Te Wahipounamu: ein Weltnaturerbe

Milford liegt innerhalb von Te Wahipounamu, einem UNESCO-Weltnaturerbe, das den Südwesten Neuseelands umfasst – die Nationalparks Fiordland, Mount Aspiring, Aoraki/Mount Cook und Westland gemeinsam. Die UNESCO nahm die Region 1990 in die Liste auf und würdigte sowohl ihre natürliche Dramatik als auch ihre Rolle als eines der besten lebendigen Beispiele für die Pflanzen und Tiere des uralten Superkontinents Gondwana. Der Name bedeutet in der Māori-Sprache „der Ort des Grünen Steins“ – nach dem begehrten Pounamu, Nephrit-Jade, der in den Flüssen der Region gefunden wird. Für Ngāi Tahu ist Fiordland ein Land von tiefer Bedeutung, und Milfords offizieller Name, Milford Sound / Piopiotahi, wurde 1998 in einem Vertragsabschluss des Treaty of Waitangi formalisiert. Piopiotahi bezieht sich auf den Piopio, einen ausgestorbenen einheimischen Drosselvogel, in einer Geschichte, die den Fjord mit dem Halbgott Māui verbindet.
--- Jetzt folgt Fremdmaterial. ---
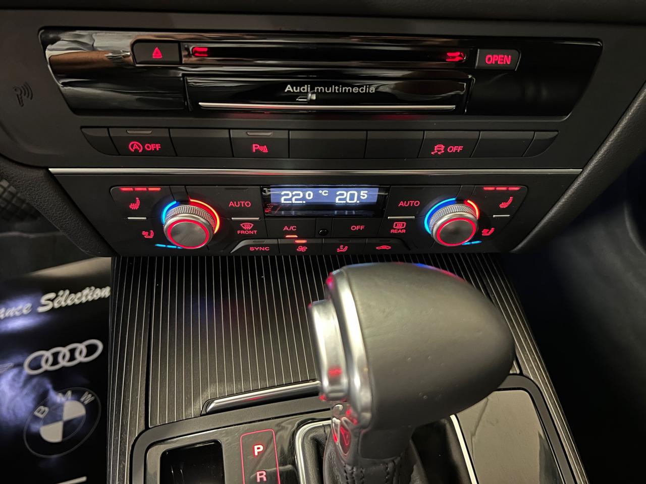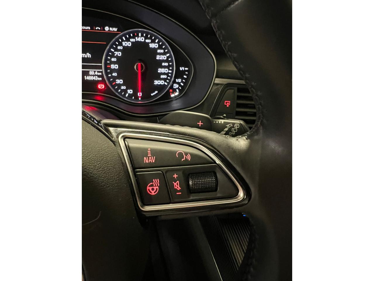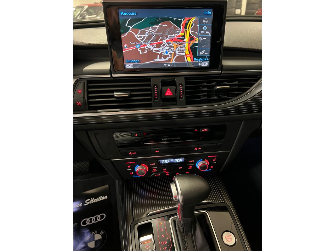 ABS (antiblocage de roue) avec répartiteur de freinage EBV et assistance hydraulique au freinage d'urgenceAccoudoir central arrière, rabattable, avec vide-pochesAccoudoir central avant et arrière en cuirAccoudoir central avant pour conducteur et passager avant, avec 2 porte-boissons intégrésAirbags de têteAirbags frontaux conducteur et passager grand volume, à deux niveaux de gonflement suivant la gravité du choc, latéraux avant et arrière intégrés aux dossiers des siègesApplications aluminium autour des diffuseurs d'air, de l'écran MMI, sur la commande du frein de stationnement électromécanique et les lève-vitresApplications décoratives étendues en frêne veiné brun naturelAppuie-têtes intégraux à l'avant et à l'arrièreASR (antipatinage)Assistance au véhicule basée sur les données de navigationAudi connect (inclut GPS Advanced et préparation téléphone 8W)Audi Drive SelectAudi Hold AssistAudi Music InterfaceAudi Parking System Plus avant et arrièreAudi pre senseAudi Sound System, amplificateur 6 canaux, 10 haut-parleurs incluant un haut-parleur central dans le tableau de bord, un subwoofer dans le logement de la roue de secours,puissance totale 180 WBanquette arrière : trois places, rabattable 40/60Banquette arrière rabattable : système de déverrouillage à distance des dossiers situé dans la garniture latérale du coffreBoîte à gants grand volume, éclairée et verrouillableCalandre Audi Singleframe chromée avec lamelles horizontales laquées noirCapacité du réservoir 75 litresCarrosserie hybride en aluminium (capot moteur, hayon, portières et ailes)Ceintures de sécurité trois points à enrouleur à toutes les places avec prétensionneur réversibleCendrier et allume-cigare éclairés à l'avant et à l'arrièreCiel de pavillon en tissu, en combinaison avec la couleur intérieure choisie, en argent lunaire, beige soie ou noirClignotants avec fonction autoroute : une brève impulsion sur le comodo active 3 cycles de clignotementClimatisation automatique confort avec ventilation indirecteCoffre à bagages grand volume à grande largeur de chargementColonne de direction réglable en hauteur / profondeurContrôle de la pression des pneus avec signaux acoustique et visuel de perte de pressionCouvre-bagages coulissant automatiquement par glissière le long du montant DDémarrage et arrêt du moteur par simple impulsion sur le bouton moteur Start/Stop intégré à la console centrale, nécessite simplement d'avoir la clé sur soiDétecteur de luminositéDétecteur de pluie ; activation automatique des essuie-glaces en cas d'averse ou autre humidité sur le pare-briseDirection électromécanique à assistance variableDouble vérin pneumatique d'ouverture de hayonEclairage intérieur à temporisation à l'avant et à l'arrière avec contacteurs sur toutes les portières, configurable par MMIEclaireurs et catadioptres actifs sur toutes les portièresEcrous antivolEDS (blocage électronique de différentiel)Ergots de maintien pour sacs à provisionsESC (programme électronique de stabilisation)Essuie-glace arrièreFeux de freinage adaptatifs (déclenchement des feux de détresse automatique)Feux stop, feux arrière de recul et antibrouillard halogènes, feux de plaque arrière à LEDFilet de séparation vertical anti-intrusion coffre/habitacleFixations pour sièges enfant ISOFIX aux places extérieures arrièreFrein de stationnement électromécanique avec fonction Hold AssistGestionnaire de batterie, commande à l'aide de capteurs une alimentation électrique optimale du véhicule durant la marche et à l'arrêtGPS AdvancedIdentification du modèle et de la technologie sur la malle arrière ainsi qu'inscription quattro (le cas échéant) sur la calandre et sur le tableau de bord côté passagerInterface BluetoothJantes en aluminium coulé «tridents», 8,5J x 19'', avec pneus 255/40 R19Levier de vitesses en cuir assorti à la couleur intérieure choisieLivre de bord avec étuiLunette arrière dégivrante, avec minuterieMMI TouchOrdinateur de bord couleur 7''Pack EclairagePack RangementPare-Brise feuilleté AthermiquePare-soleil conducteur et passager avant rabattables et orientables avec miroir de courtoisie éclairé et occultablePhares halogènes sous vitre transparente, réglage électrique du site des phares et feux diurnesPréparation pour crochet d'attelageProjecteurs antibrouillard intégrés dans le bouclier avantProjecteurs Xénon Plus incluant lave-phares, feux de jour à LEDProtections latérales anticollisionRécupération d'énergie, générée lors des phases de freinage ou de décélération et système Start/Stop, permettant une économie de carburantRégulateur de vitesseRétroviseur intérieur jour/nuit automatiqueRétroviseurs extérieurs électriques et à mémoires, dégivrants, rabattables et jour/nuit automatiqueRampes de pavillon en aluminium poliRoue de secours temporaire avec cric de levageSécurité enfant sur les portières arrière et les vitres électriques arrièreSellerie cuir MilanoSièges avant à réglages électriques et à mémoires pour siège conducteurSignal sonore pour oubli d'extinction des feuxSorties d'échappement chromées doubles, une à gauche et une à droiteSupports lombaires électriques pour les sièges avantTélécommande de verrouillage centralisé à fréquence radio avec ouverture/fermeture confort pour les vitres électriques, le coffre et la trappe à carburantTéléphone de voiture 8WTémoins de contrôle pour airbags, ESC/ASR, adaptive air suspension, EDS, frein de stationnement électromécanique, régulateur de vitesse, feux de route,feux arrière antibrouillard, clignotants, électronique moteur et protection antidémarrageTapis de sol complémentaires avant et arrière dans la couleur de la moquetteTriangle de présignalisation, trousse de secours et outillage de bordTroisième feu stop intégré au becquet de pavillonVide-poches dans les portières avant ; filets de rangement sur le dossi

Die Süßwasserschicht – das seltsamste Merkmal eines Fjords

Milford birgt einen der seltsamsten Tricks der Meeresökologie. All der Regen, plus das Süßwasser, das von den Klippen strömt, lässt eine mehrere Meter dicke Süßwasserschicht auf dem dichteren Meerwasser darunter schwimmen – und weil sie zuvor durch den Wald fließt, ist sie mit Tanninen braun gefärbt, wie schwacher Tee. Dieser dunkle Süßwasserdeckel blendet viel Licht nahe der Oberfläche aus und täuscht Tiefseelebewesen, sich so zu verhalten, als wären sie weit tiefer, als sie tatsächlich sind. Das Ergebnis ist „Tiefwasser-Aufstieg“: Arten, die normalerweise Hunderte von Metern tief leben – am berühmtesten die Schwarze Koralle – wachsen hier in Reichweite der Oberfläche. Das ist der Grund, warum Milford eine der weltweit am besten zugänglichen Schwarzkorallen-Gemeinschaften besitzt – und warum ein Unterwasserobservatorium im Fjord dir in Schnorcheltiefe Leben zeigen kann, das anderswo ein Tauchboot erfordert.

Noch immer in Formung

Nichts davon ist abgeschlossen. Fiordland ist eine der tektonisch aktivsten Ecken Neuseelands, nahe der Grenze gelegen, wo die australische und die pazifische Platte aneinander reiben und ineinander stoßen; die gesamte Region hebt sich langsam, selbst während Erosion an ihr nagt. Starker Regen und steiler Fels machen Erdrutsche zur Routine – die blassen Narben an den Wänden sind jüngeren Datums, und die Zufahrtsstraße wird genau aus diesem Grund regelmäßig durch Rutschungen und Auswaschungen gesperrt. Auf einer längeren Zeitskala könnten die Gletscher zurückkehren; auf einer menschlichen betrachtest du eine Landschaft, die sichtlich noch im Bau ist, wo ein großer Sturm über Nacht einen Hang neu ordnen kann. Diese Unruhe ist Teil dessen, was du siehst: kein fertiges Monument, sondern ein Ort mitten im Satz.